## What is needed
Any picture in the material should be left out, while all other lines are copied exactly.

## Raw data
--- START ---

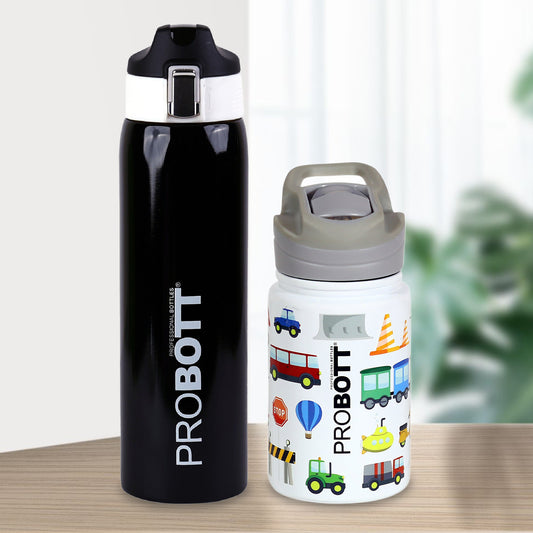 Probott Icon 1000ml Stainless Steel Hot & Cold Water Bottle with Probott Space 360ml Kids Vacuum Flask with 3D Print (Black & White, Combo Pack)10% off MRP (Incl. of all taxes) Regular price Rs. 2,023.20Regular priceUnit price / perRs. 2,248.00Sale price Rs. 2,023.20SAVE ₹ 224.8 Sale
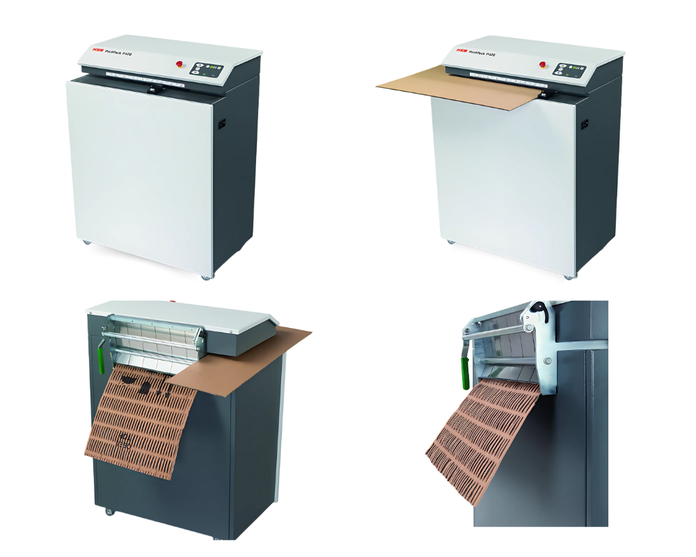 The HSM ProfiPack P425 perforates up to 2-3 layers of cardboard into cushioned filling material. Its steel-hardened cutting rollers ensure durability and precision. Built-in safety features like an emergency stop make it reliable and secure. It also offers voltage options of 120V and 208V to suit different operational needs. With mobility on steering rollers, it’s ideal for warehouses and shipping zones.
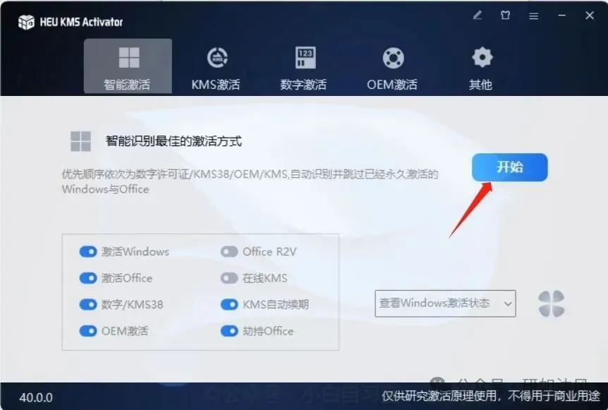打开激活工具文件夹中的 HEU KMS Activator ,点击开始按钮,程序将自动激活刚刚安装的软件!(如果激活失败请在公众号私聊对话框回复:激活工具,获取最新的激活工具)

--- END ---

## Solved exercise
 Probott Icon 1000ml Stainless Steel Hot & Cold Water Bottle with Probott Space 360ml Kids Vacuum Flask with 3D Print (Black & White, Combo Pack)10% off MRP (Incl. of all taxes) Regular price Rs. 2,023.20Regular priceUnit price / perRs. 2,248.00Sale price Rs. 2,023.20SAVE ₹ 224.8 Sale
 The HSM ProfiPack P425 perforates up to 2-3 layers of cardboard into cushioned filling material. Its steel-hardened cutting rollers ensure durability and precision. Built-in safety features like an emergency stop make it reliable and secure. It also offers voltage options of 120V and 208V to suit different operational needs. With mobility on steering rollers, it’s ideal for warehouses and shipping zones.
打开激活工具文件夹中的 HEU KMS Activator ,点击开始按钮,程序将自动激活刚刚安装的软件!(如果激活失败请在公众号私聊对话框回复:激活工具,获取最新的激活工具)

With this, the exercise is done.